我正在ECS集群上运行Docker映像,以便shell进入它并运行一些简单的测试。然而,当我运行这个:
aws ecs execute-command
--cluster MyEcsCluster
--task $ECS_TASK_ARN
--container MainContainer
--command "/bin/bash"
--interactive
我得到错误:
The Session Manager plugin was installed successfully. Use the AWS CLI to start a session.

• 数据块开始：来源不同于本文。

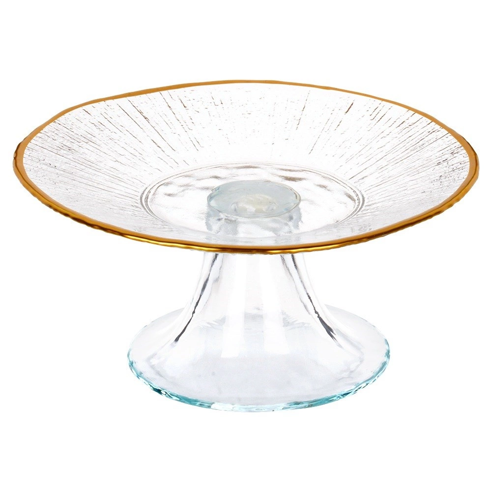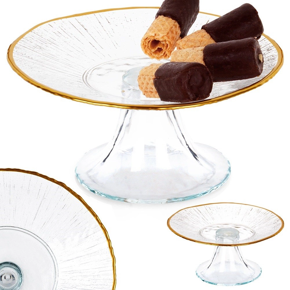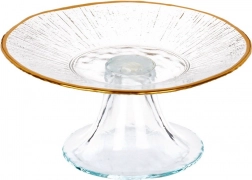 Ta kompaktna steklena patera s premerom 15,5 cm in višino 7 cm je odlična izbira za serviranje manjših porcij – mono tortic, cupcakov, piškotov ali slanih prigrizkov. Prosojno steklo z nežno teksturo, ki spominja na kristal, poudari barve in strukture postreženih specialitet, medtem ko z zlatom obrobljen rob doda pridih razkošja.
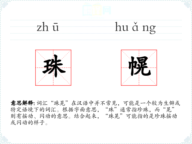 - 词源:“珠”源自古代对珍珠的称呼,“晃”则源自摇动、闪动的动作。
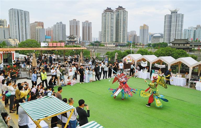 5月2日,游客在西安建国门老菜场市井文化创意街区观看演出。
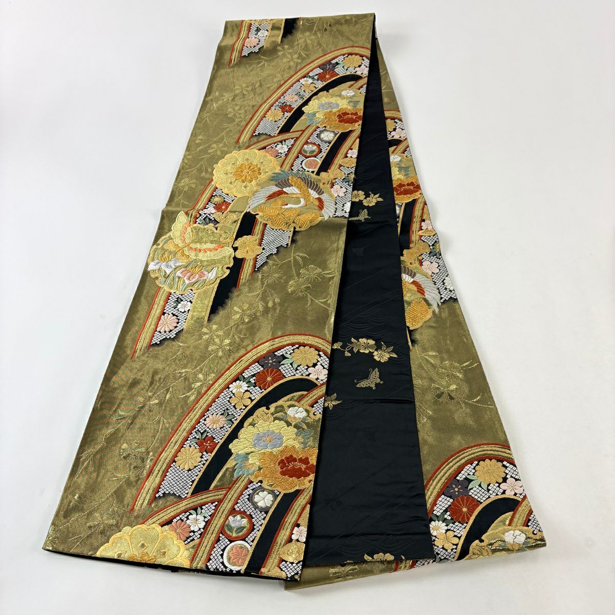 袋帯 秀品 草花 蝶 唐織 箔 金色 六通 正絹
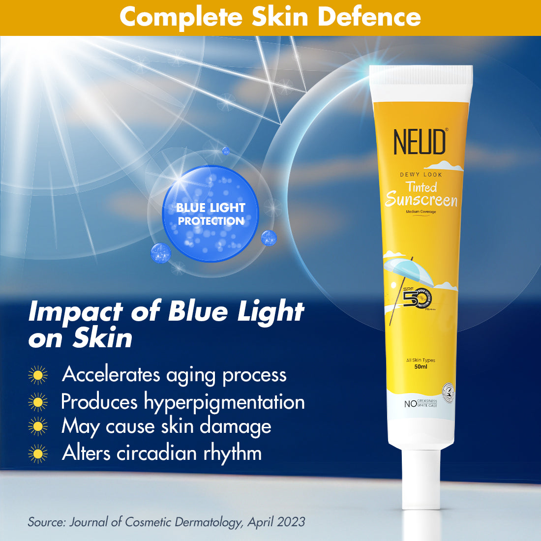 NEUD Dewy Look Tinted Sunscreen 50ml with SPF 50++++ is ideal for dull and mature skin. It offers medium coverage with superior, broad spectrum sun protection against aging UVA rays and sunburning UVB rays. Enriched with Hyaluronic Acid, niacinamide, Provitamin B5, Vitamin E, avocado oil, argan oil and olive oil, this tinted sunscreen from NEUD has been expertly formulated to keep the skin protected, nourished and hydrated.
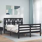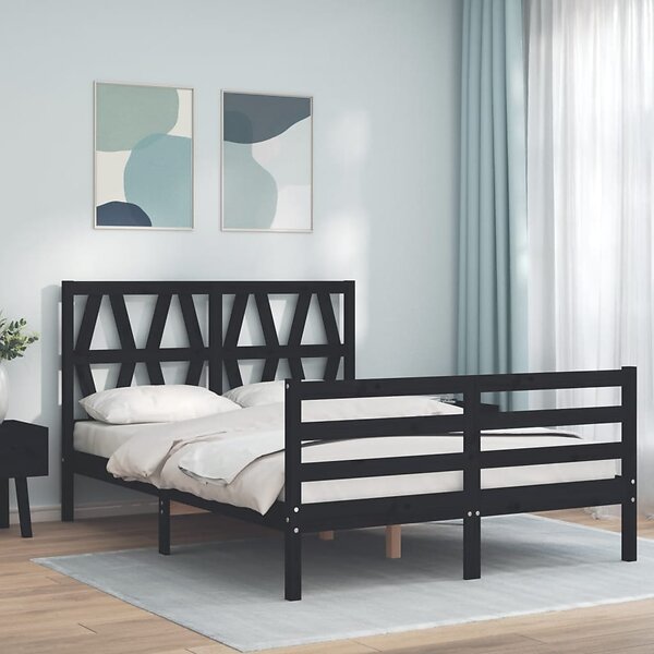 vidaXL Sängynrunko med huvudgavel svart 140x190 cm massivt trä 3194360
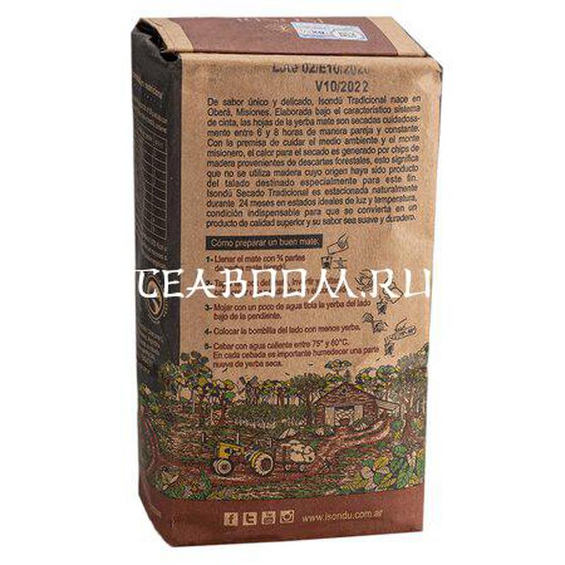 Мате Isondu Tradicional сушится в течение 8 часов, выдерживается естественным путем в течение 2-х лет. Этот сорт с гладким и стойким вкусом, лишённым кислинки.

An error occurred (TargetNotConnectedException) when calling the ExecuteCommand operation: The execute command failed due to an internal error. Try again later.
我可以确认任务+容器+代理都在运行:
aws ecs describe-tasks
--cluster MyEcsCluster
--tasks $ECS_TASK_ARN
| jq '.'
"containers": [
{
"containerArn": "<redacted>",
"taskArn": "<redacted>",
"name": "MainContainer",
"image": "confluentinc/cp-kafkacat",
"runtimeId": "<redacted>",
"lastStatus": "RUNNING",
"networkBindings": [],
"networkInterfaces": [
{
"attachmentId": "<redacted>",
"privateIpv4Address": "<redacted>"
}
],
"healthStatus": "UNKNOWN",
"managedAgents": [
{
"lastStartedAt": "2021-09-20T16:26:44.540000-05:00",
"name": "ExecuteCommandAgent",
"lastStatus": "RUNNING"
}
],
"cpu": "0",
"memory": "4096"
}
],
我正在用CDK Typescript代码定义ECS集群和任务定义:
new Cluster(stack, `MyEcsCluster`, {
vpc,
clusterName: `MyEcsCluster`,
})
const taskDefinition = new FargateTaskDefinition(stack, TestTaskDefinition`, {
family: `TestTaskDefinition`,
cpu: 512,
memoryLimitMiB: 4096,
})
taskDefinition.addContainer("MainContainer", {
image: ContainerImage.fromRegistry("confluentinc/cp-kafkacat"),
command: ["tail", "-F", "/dev/null"],
memoryLimitMiB: 4096,
// Some internet searches suggested setting this flag. This didn't seem to help.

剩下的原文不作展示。